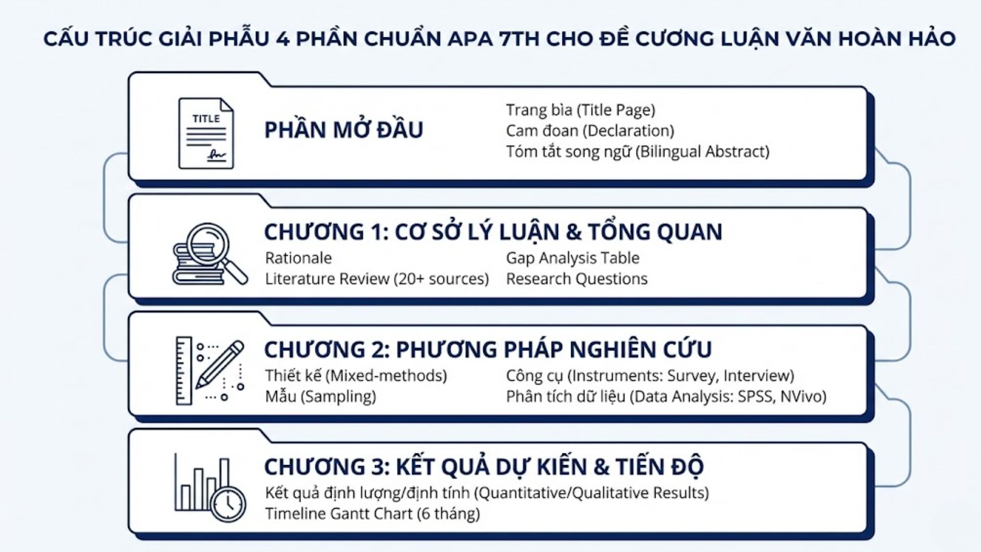 Abstract song ngữ 250 từ, mục lục tự động, Chương 1 (Rationale 1.5 trang + Lit review 5 trang), Chương 2 (Methods: sample, instruments, analysis), Chương 3 (Expected results, Gantt chart), tài liệu APA 30+ nguồn.
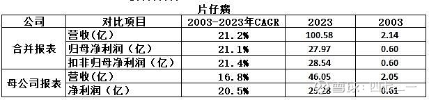 母公司营收,2003年2.05亿,2023年46.05亿,年化增长16.8%;净利润2003年0.61亿,2023年25.28亿,年化增长20.5%,成长性相当强。
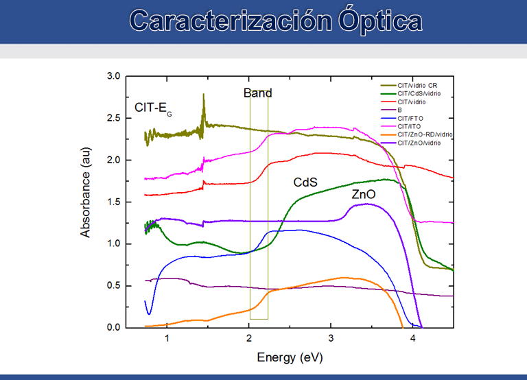 Cada una de las películas delgadas depositadas individualmente las someto a una caracterización óptica y eléctrica para verificar los valores de la brecha de energía y la conductividad eléctrica. Sin embargo, la medida de la absorción óptica en un amplio rango de longitudes de onda sobre todas las capas delgadas depositadas una sobre la otra, me permitirá determinar el porcentaje de transmisión óptica que permita el paso de la radiación luminosa hasta el material absorbente y que se puedan activar los mecanismos de conducción de los portadores de cargas mayoritarios de cada semiconductor.
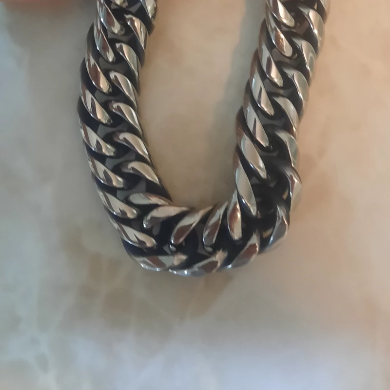 گردنبند مردانه زنجیری آجری نقره ای و طلایی 60 سانتی درشت استیل رنگ ثابت
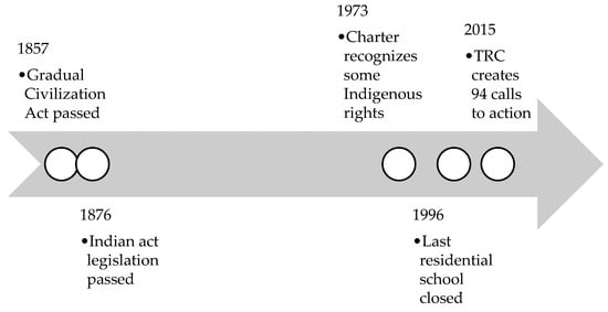 Settler colonialism in Canada began more than 200 years ago, but it persists even today. Colonialism is an ongoing system of oppression in which Indigenous people are alienated from their lands and subjected to government-sponsored programs of assimilation [,]. English and French have historically been portrayed as superior languages in Canada, whereas Indigenous languages have been characterized as “primitive” []. Indigenous languages were seen as barriers to civilization and modernity, to the extent that Indigenous men were considered “disabled” until they could demonstrate proficiency in English or French []. Such hegemonic ideologies were responsible for the highly destructive policies that have impacted Indigenous people throughout recent history []. Indigenous languages were victims of these policies, by way of the residential school system and state-imposed domination of the French and English languages []. Although there have been efforts to undo this damage, discriminatory language discourse persists in Canada, largely based on systems of power that maintain a Eurocentric narrative []. Figure 2 highlights key events in Canada’s Indigenous language history.
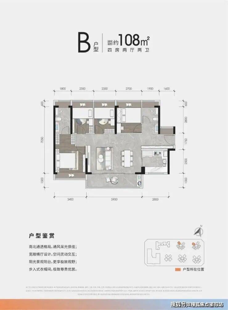 108㎡户型做的是横厅,动静分区,四房两厅一厨两卫一阳台的格局,这种户型最近几年非常常见了,优点就是横厅显得客厅更宽,有宽景阳台,室内通透性略好一些。
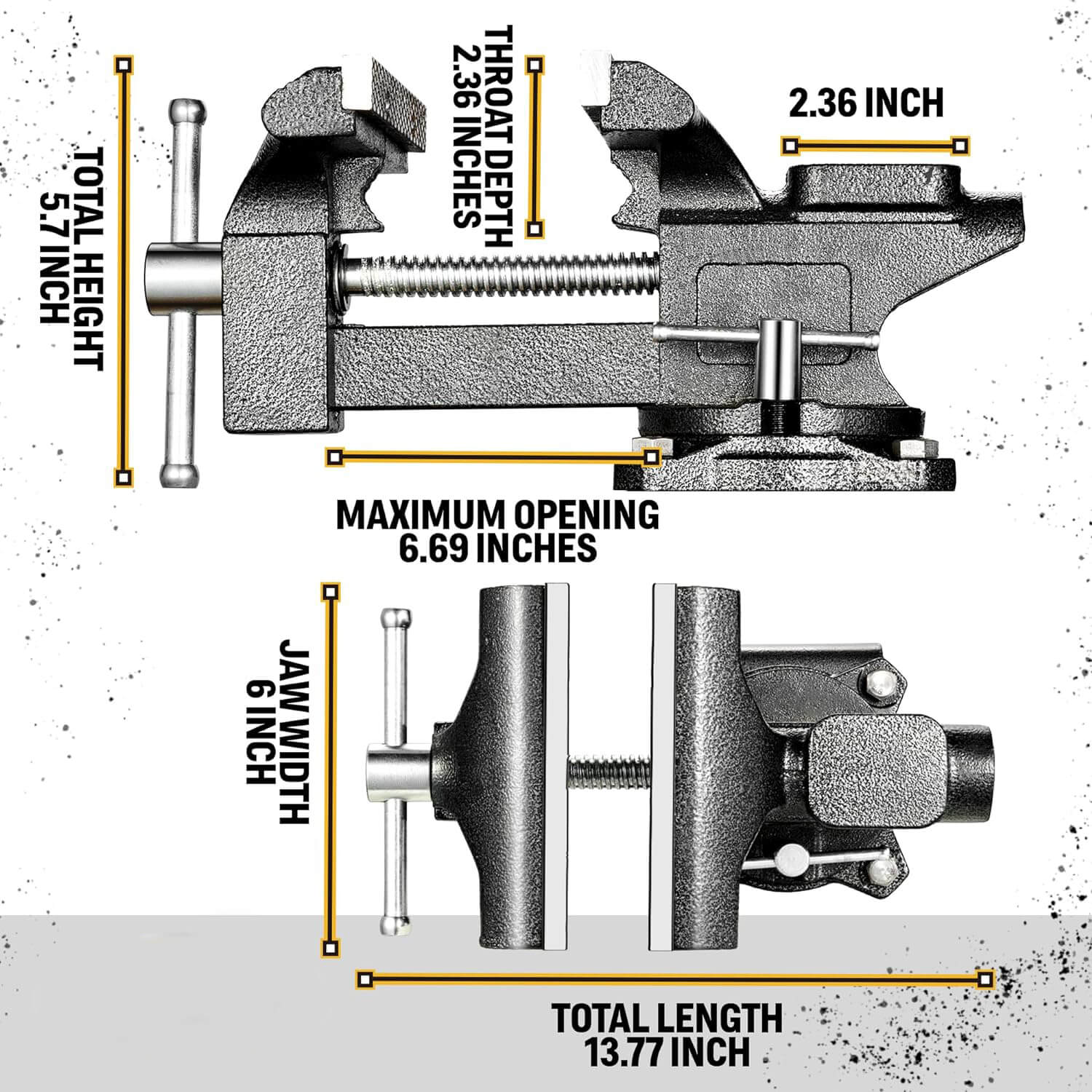 [Specifications] Accommodates a wide range of striking needs. Jaw width: 6"; Throat Depth: 2", Maximum opening of jaw: 4-3/10", Anvil:3.1''x2.9''. Creates up to 2200 lbs. of clamping force.
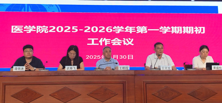 新学期伊始,为精准部署学期工作,凝聚全院力量,医学院于8月30日在知明楼报告厅召开了2025-2026学年全体教师工作会议。副校长兼医学院院长王鹏程、医学院常务副院长王芝发、副院长武春飞、副院长綦盛楠、院长助理逄锦涛等领导出席会议。会议由医学院常务副院长王芝发主持。
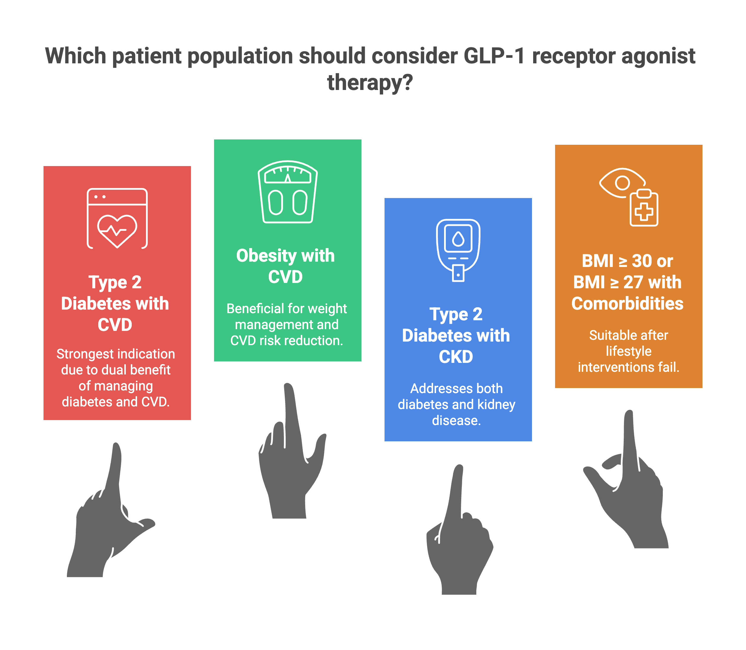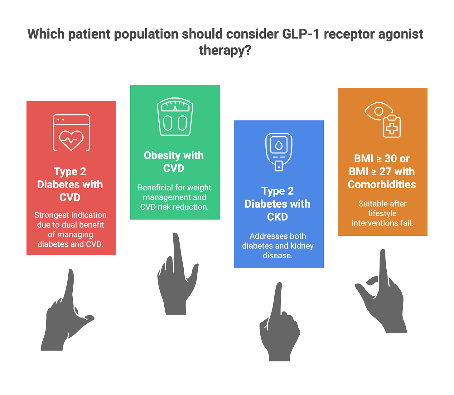 Current guidelines provide clear direction. The 2025 ADA Standards of Care and 2023 ESC guidelines give strong recommendations for GLP-1 receptor agonists in patients with type 2 diabetes and established atherosclerotic cardiovascular disease. For cardiologists and clinicians, several patient populations warrant consideration:
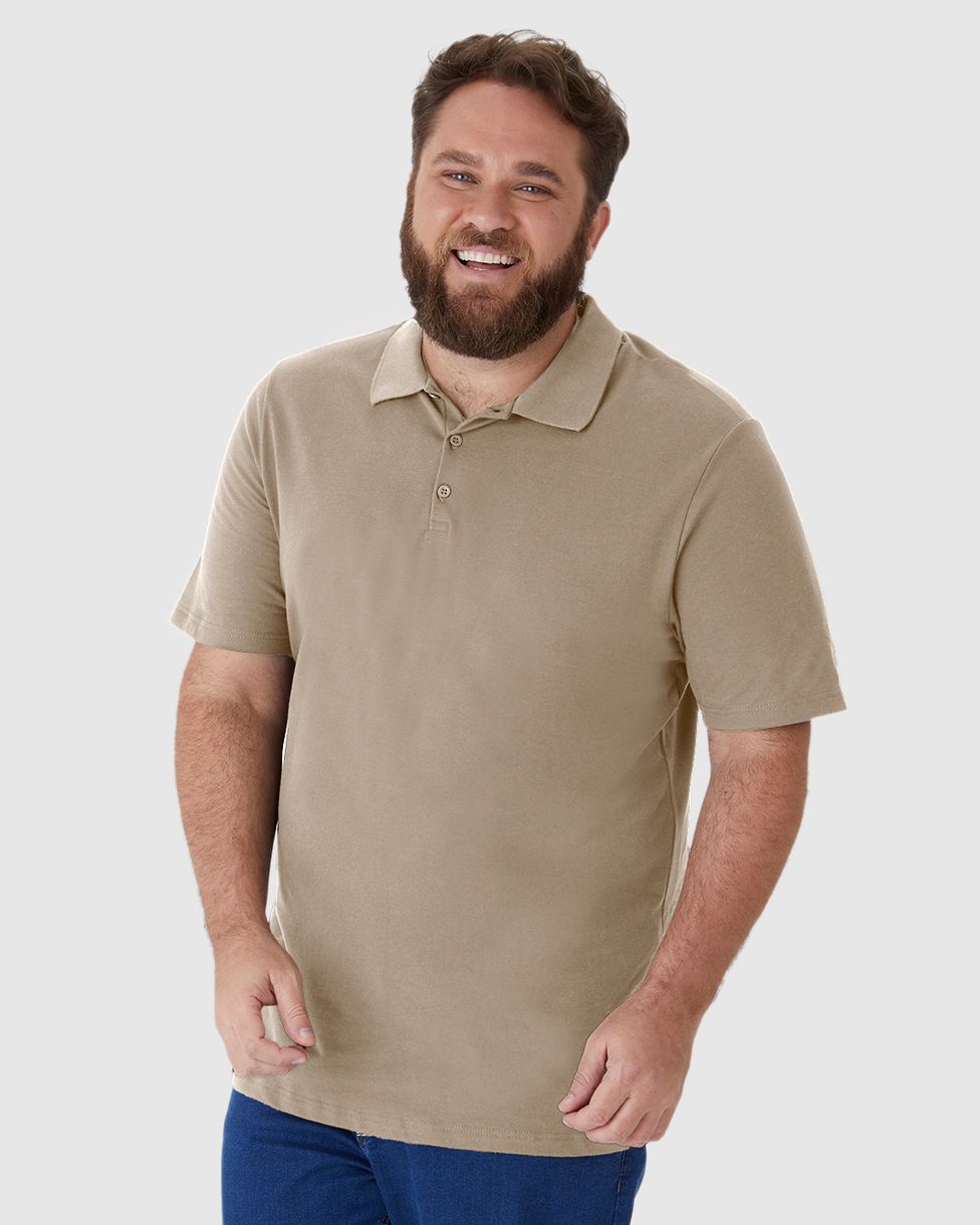 Camisa Polo Básica Masculina Plus Size Em Piquet Stretch
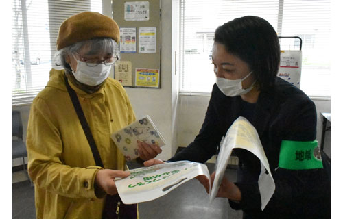 [写真/チラシなどを配布して注意を呼び掛ける署員 ]
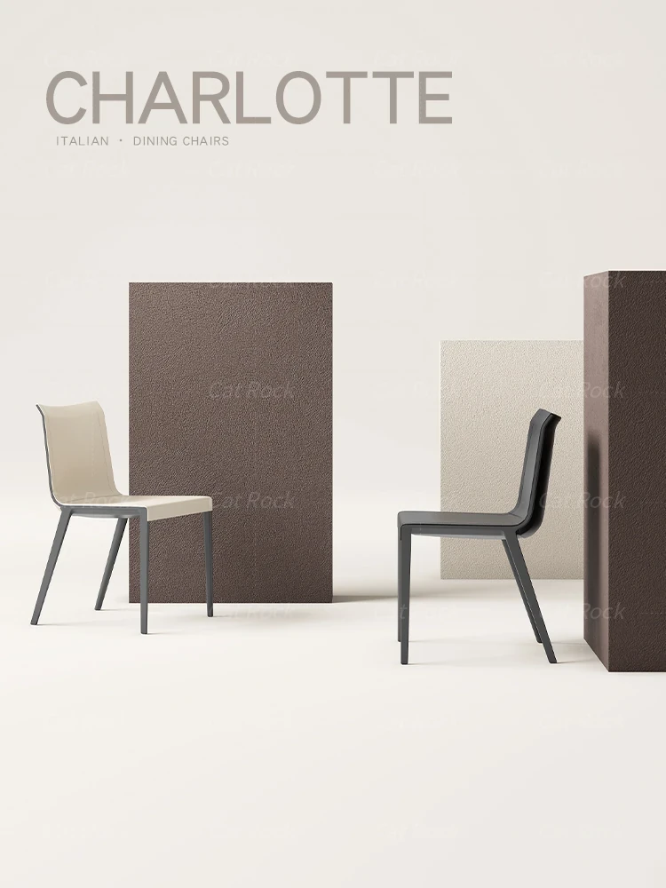 軽やかな高級感のある本革ダイニングチェア|家庭用テーブル・ティーチェア|洗練されたデザインのイタリアンミニマルスタイル|ステンレス製の高級椅子で、上質な食卓を演出します。
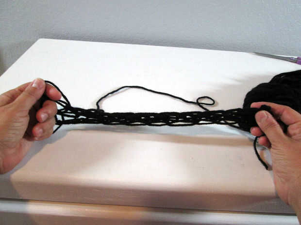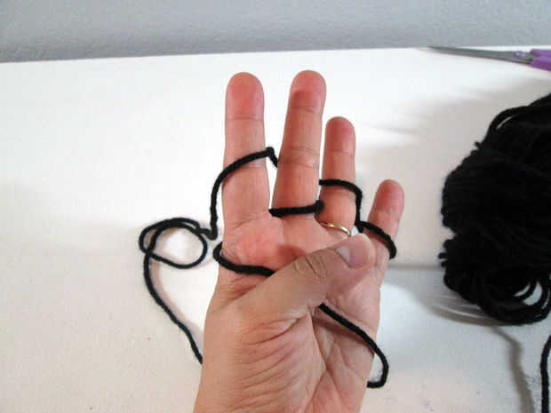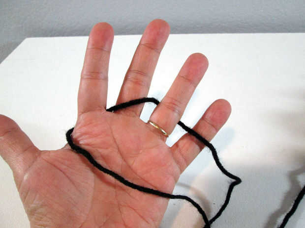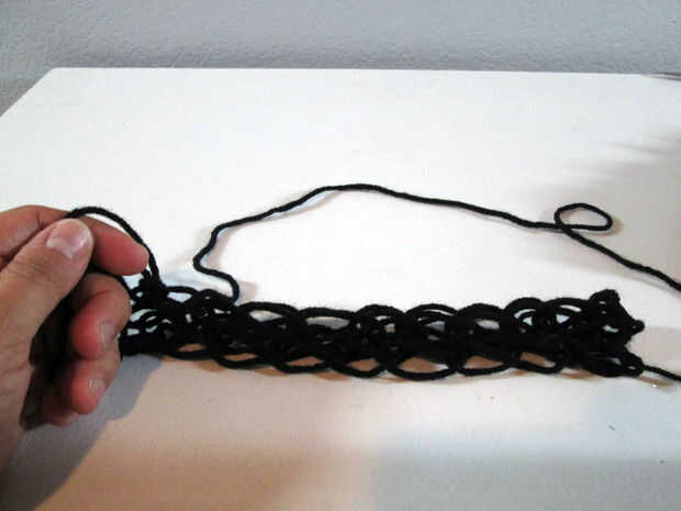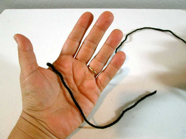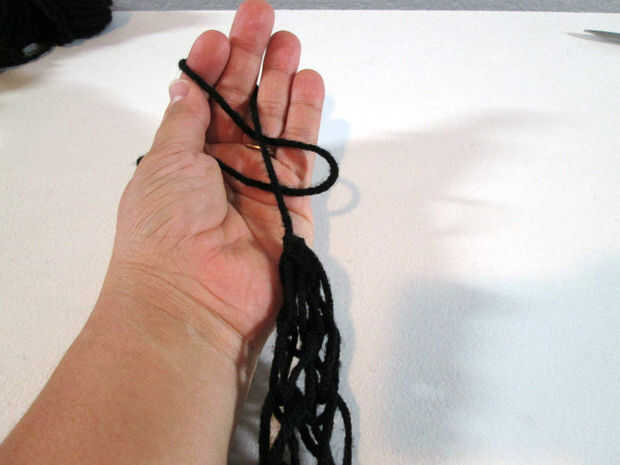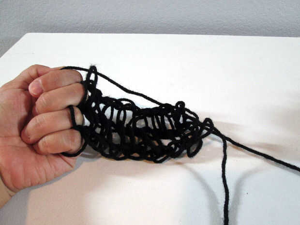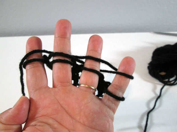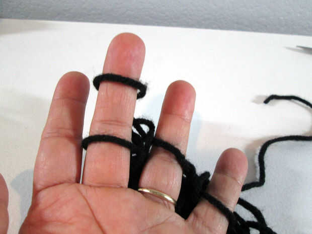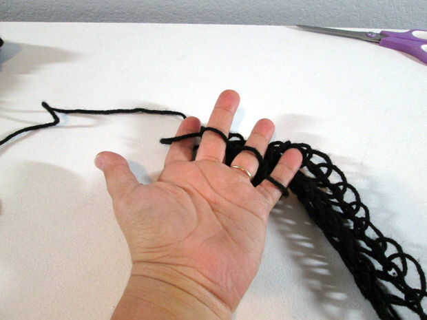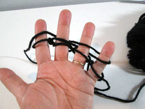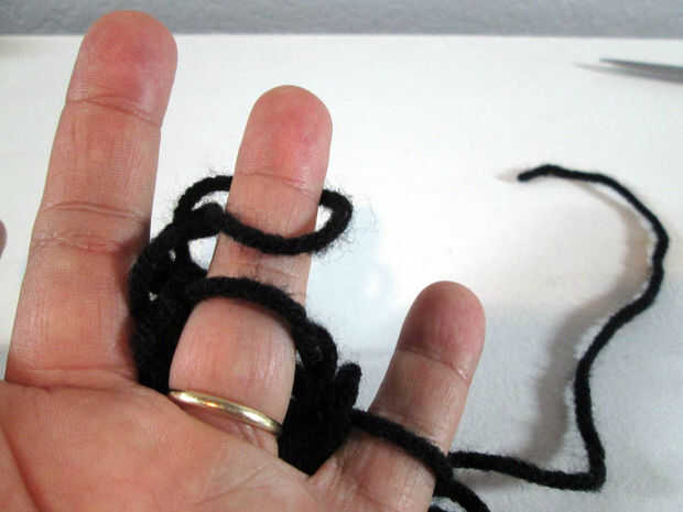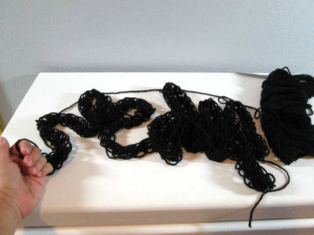 Los tutoriales de hacer punto del dedo se ligan abajo. Terminé usando sobre una madeja entera de hilo negro, y no estoy seguro de la longitud exacta de cadenas o yardas de hilado.
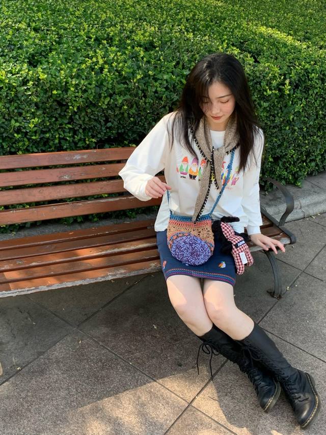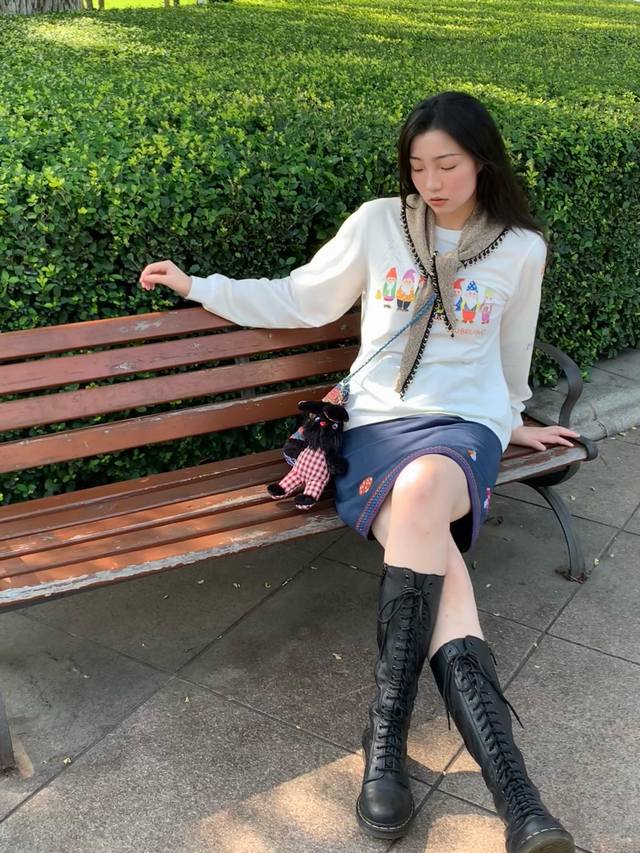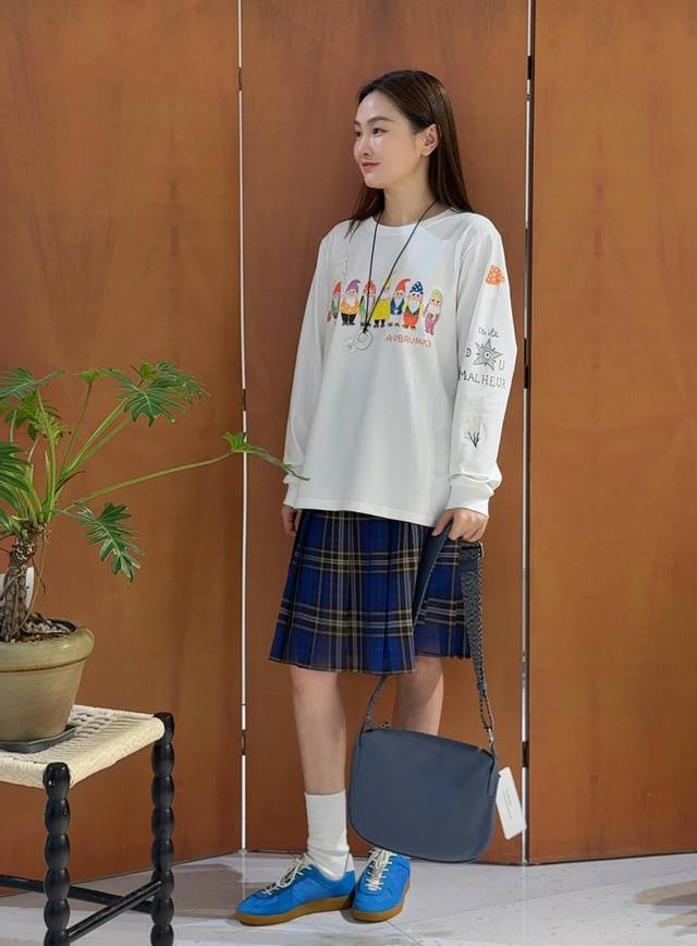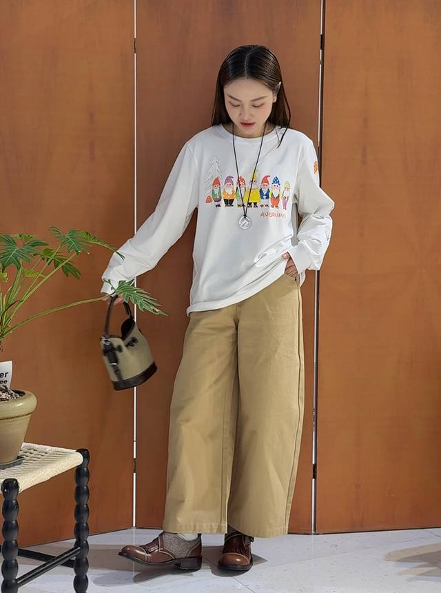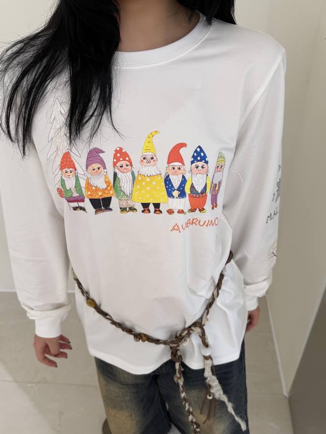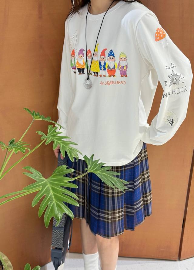 Aubruino 25Fw Early Fall New Letter Embroidered Dwarf Print Crew Neck Sweatshirt

= ABOUT THIS TASK =
Restate word for word the lines from the one with "Camisa Polo Básica" to the end of the material, both included. Do not include the pictures.

= EXERCISE ANSWER =
 Camisa Polo Básica Masculina Plus Size Em Piquet Stretch
 [写真/チラシなどを配布して注意を呼び掛ける署員 ]
 軽やかな高級感のある本革ダイニングチェア|家庭用テーブル・ティーチェア|洗練されたデザインのイタリアンミニマルスタイル|ステンレス製の高級椅子で、上質な食卓を演出します。
 Los tutoriales de hacer punto del dedo se ligan abajo. Terminé usando sobre una madeja entera de hilo negro, y no estoy seguro de la longitud exacta de cadenas o yardas de hilado.
 Aubruino 25Fw Early Fall New Letter Embroidered Dwarf Print Crew Neck Sweatshirt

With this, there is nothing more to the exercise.